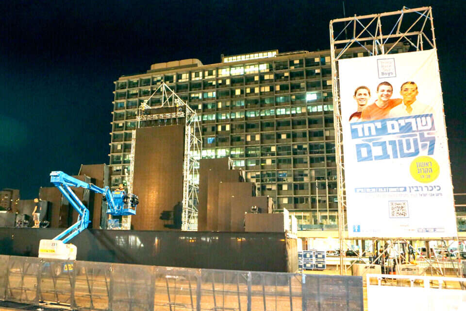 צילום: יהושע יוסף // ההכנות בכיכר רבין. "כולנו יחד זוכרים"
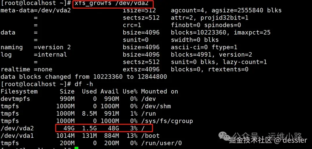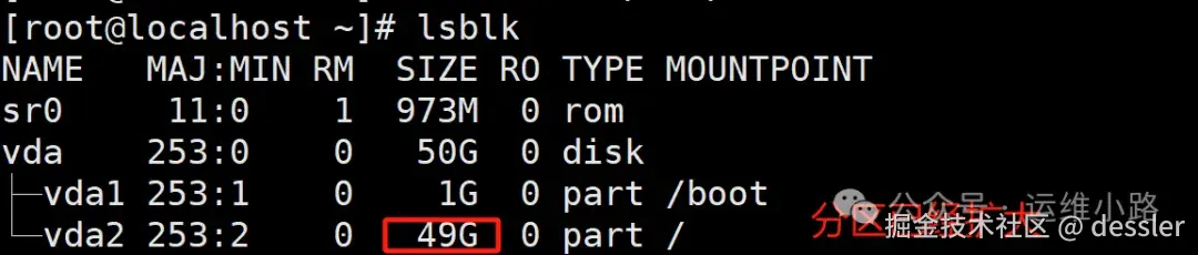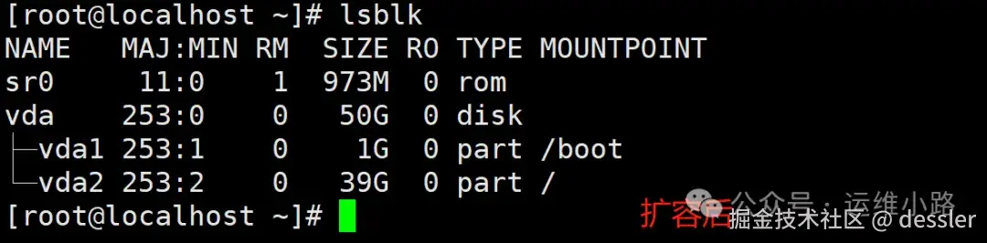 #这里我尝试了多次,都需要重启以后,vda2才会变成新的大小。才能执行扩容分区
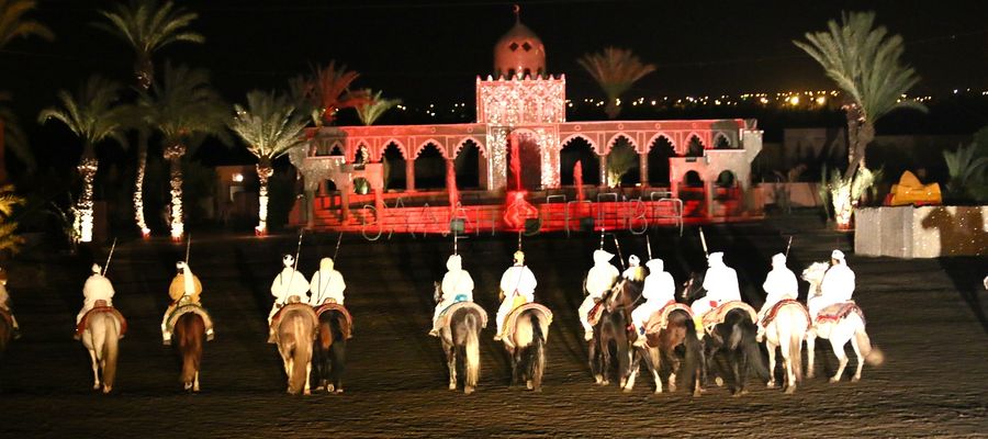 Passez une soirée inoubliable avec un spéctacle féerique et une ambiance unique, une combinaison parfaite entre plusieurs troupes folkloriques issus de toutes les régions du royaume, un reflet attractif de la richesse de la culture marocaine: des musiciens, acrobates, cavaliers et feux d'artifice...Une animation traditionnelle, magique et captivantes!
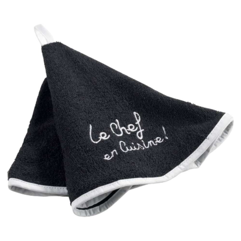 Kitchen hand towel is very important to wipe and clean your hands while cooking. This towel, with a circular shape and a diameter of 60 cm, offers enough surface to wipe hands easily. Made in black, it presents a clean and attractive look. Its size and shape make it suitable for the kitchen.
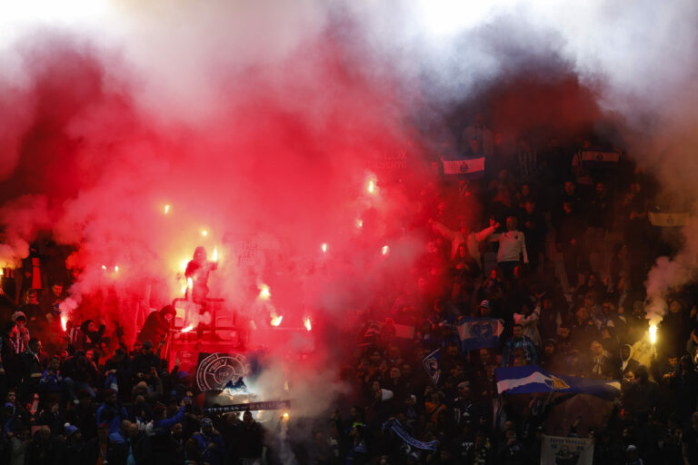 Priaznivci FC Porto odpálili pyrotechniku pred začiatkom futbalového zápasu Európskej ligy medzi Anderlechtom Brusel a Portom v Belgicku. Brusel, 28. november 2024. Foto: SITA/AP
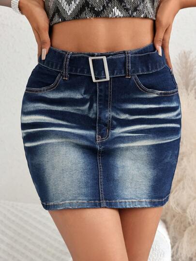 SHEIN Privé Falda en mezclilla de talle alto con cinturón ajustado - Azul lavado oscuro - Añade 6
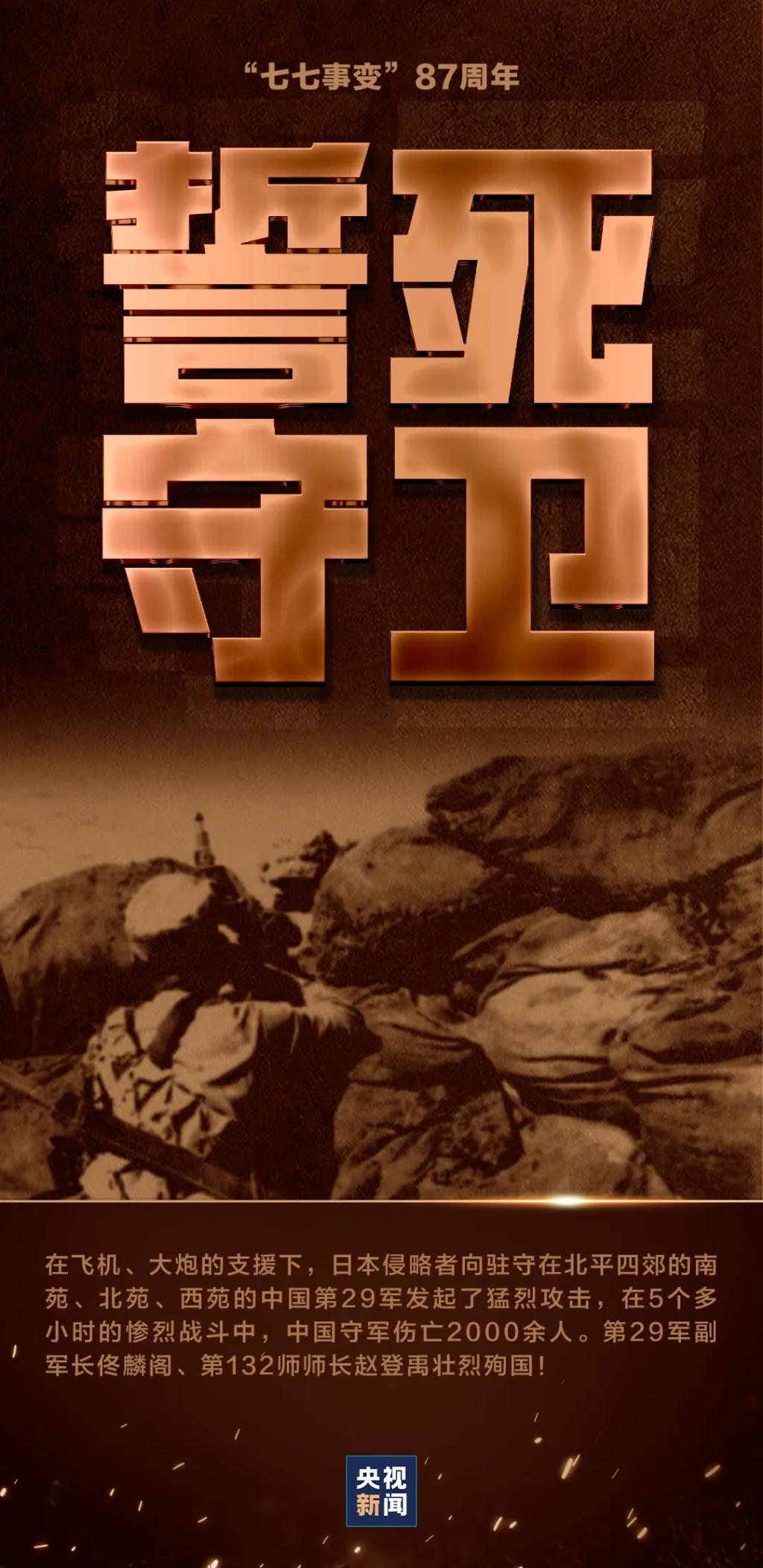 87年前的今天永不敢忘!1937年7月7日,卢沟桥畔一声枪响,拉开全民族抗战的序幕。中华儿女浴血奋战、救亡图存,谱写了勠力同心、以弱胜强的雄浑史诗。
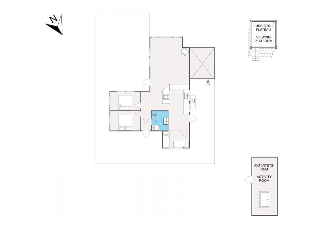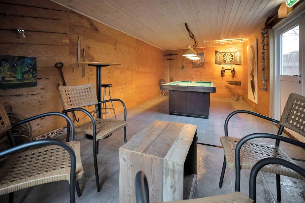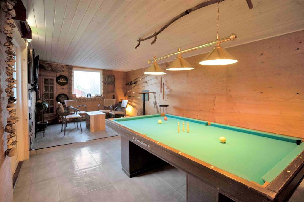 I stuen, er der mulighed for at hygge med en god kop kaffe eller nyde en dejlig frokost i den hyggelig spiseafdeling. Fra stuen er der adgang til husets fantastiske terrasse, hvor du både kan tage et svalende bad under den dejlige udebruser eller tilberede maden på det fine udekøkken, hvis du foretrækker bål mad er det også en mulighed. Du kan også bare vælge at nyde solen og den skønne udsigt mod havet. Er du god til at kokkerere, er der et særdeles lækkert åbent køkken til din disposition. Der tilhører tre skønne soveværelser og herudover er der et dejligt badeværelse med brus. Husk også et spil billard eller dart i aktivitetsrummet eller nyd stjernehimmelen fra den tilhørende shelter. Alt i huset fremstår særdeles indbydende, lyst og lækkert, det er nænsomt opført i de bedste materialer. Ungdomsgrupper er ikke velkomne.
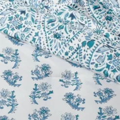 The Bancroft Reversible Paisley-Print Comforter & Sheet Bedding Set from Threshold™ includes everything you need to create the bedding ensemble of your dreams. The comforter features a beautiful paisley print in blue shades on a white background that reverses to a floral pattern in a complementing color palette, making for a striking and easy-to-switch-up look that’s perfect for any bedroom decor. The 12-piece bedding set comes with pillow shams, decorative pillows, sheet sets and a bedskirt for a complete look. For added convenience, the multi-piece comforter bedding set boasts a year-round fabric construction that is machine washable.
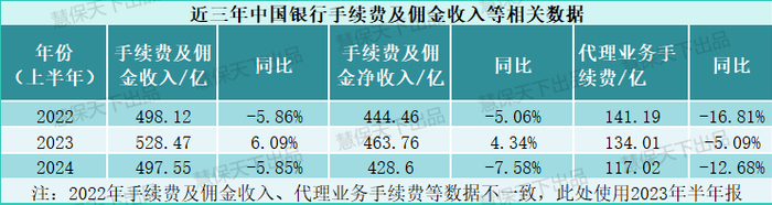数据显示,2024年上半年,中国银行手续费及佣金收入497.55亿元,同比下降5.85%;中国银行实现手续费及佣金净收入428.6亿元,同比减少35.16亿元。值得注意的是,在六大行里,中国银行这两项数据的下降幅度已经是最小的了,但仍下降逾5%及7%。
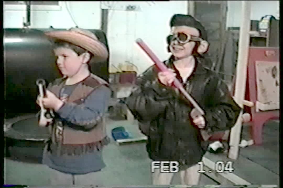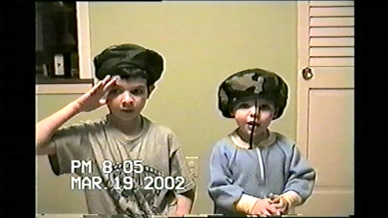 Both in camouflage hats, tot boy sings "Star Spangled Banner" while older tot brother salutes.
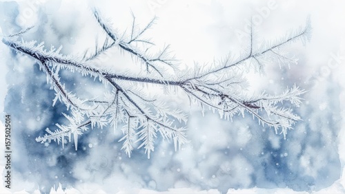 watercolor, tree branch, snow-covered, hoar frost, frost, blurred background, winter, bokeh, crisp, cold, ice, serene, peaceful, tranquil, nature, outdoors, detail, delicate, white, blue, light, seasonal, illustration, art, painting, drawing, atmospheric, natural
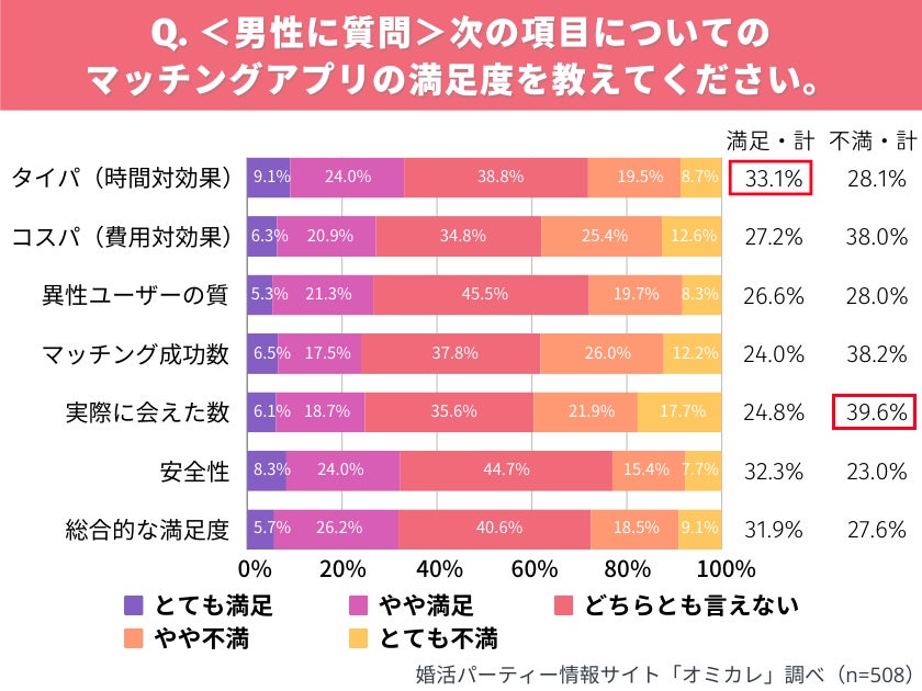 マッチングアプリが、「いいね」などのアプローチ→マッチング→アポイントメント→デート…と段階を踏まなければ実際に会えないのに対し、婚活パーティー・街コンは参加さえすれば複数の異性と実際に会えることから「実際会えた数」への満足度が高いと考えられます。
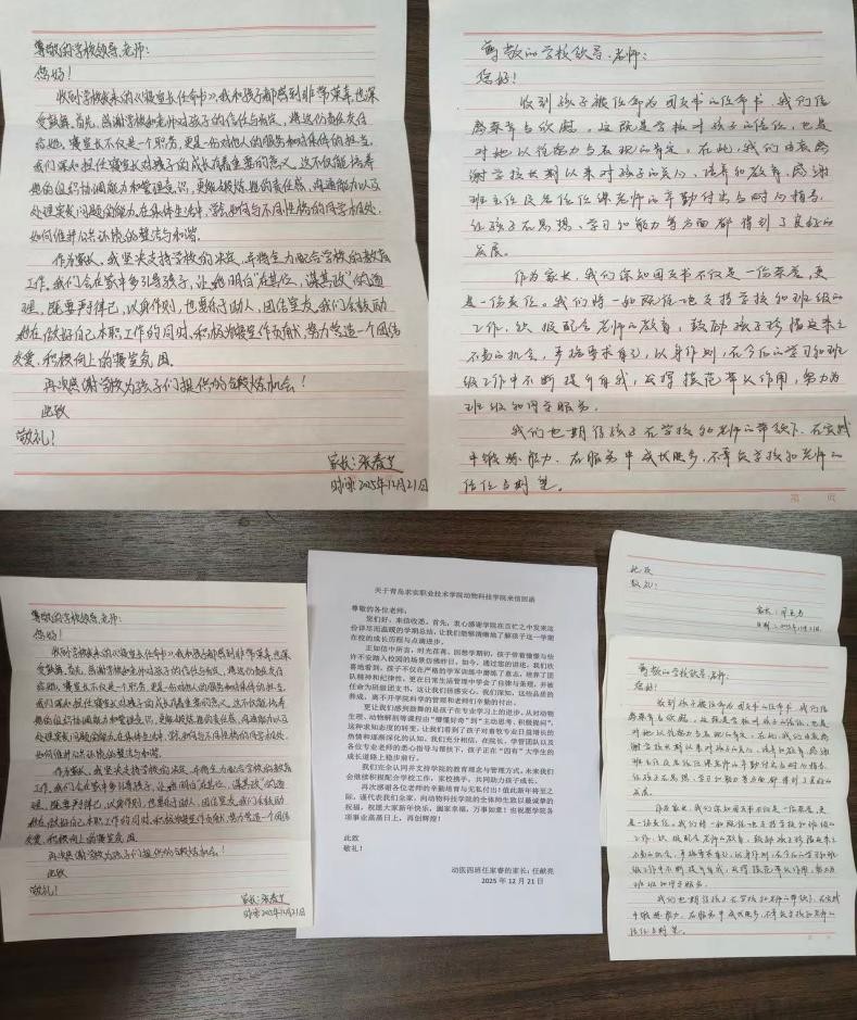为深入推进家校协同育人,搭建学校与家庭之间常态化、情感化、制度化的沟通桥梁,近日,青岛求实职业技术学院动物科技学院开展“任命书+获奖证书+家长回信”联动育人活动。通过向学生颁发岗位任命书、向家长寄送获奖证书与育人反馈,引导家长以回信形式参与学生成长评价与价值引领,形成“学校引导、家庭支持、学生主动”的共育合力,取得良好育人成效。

Exercise details — Using the data above, give again exactly the lines starting at the one holding "Kitchen hand towel" and ending at the one holding "87年前的今天永不敢忘!19", inclusive, and nothing more. Omit the pictures.

Exercise result —
 Kitchen hand towel is very important to wipe and clean your hands while cooking. This towel, with a circular shape and a diameter of 60 cm, offers enough surface to wipe hands easily. Made in black, it presents a clean and attractive look. Its size and shape make it suitable for the kitchen.
 Priaznivci FC Porto odpálili pyrotechniku pred začiatkom futbalového zápasu Európskej ligy medzi Anderlechtom Brusel a Portom v Belgicku. Brusel, 28. november 2024. Foto: SITA/AP
 SHEIN Privé Falda en mezclilla de talle alto con cinturón ajustado - Azul lavado oscuro - Añade 6
 87年前的今天永不敢忘!1937年7月7日,卢沟桥畔一声枪响,拉开全民族抗战的序幕。中华儿女浴血奋战、救亡图存,谱写了勠力同心、以弱胜强的雄浑史诗。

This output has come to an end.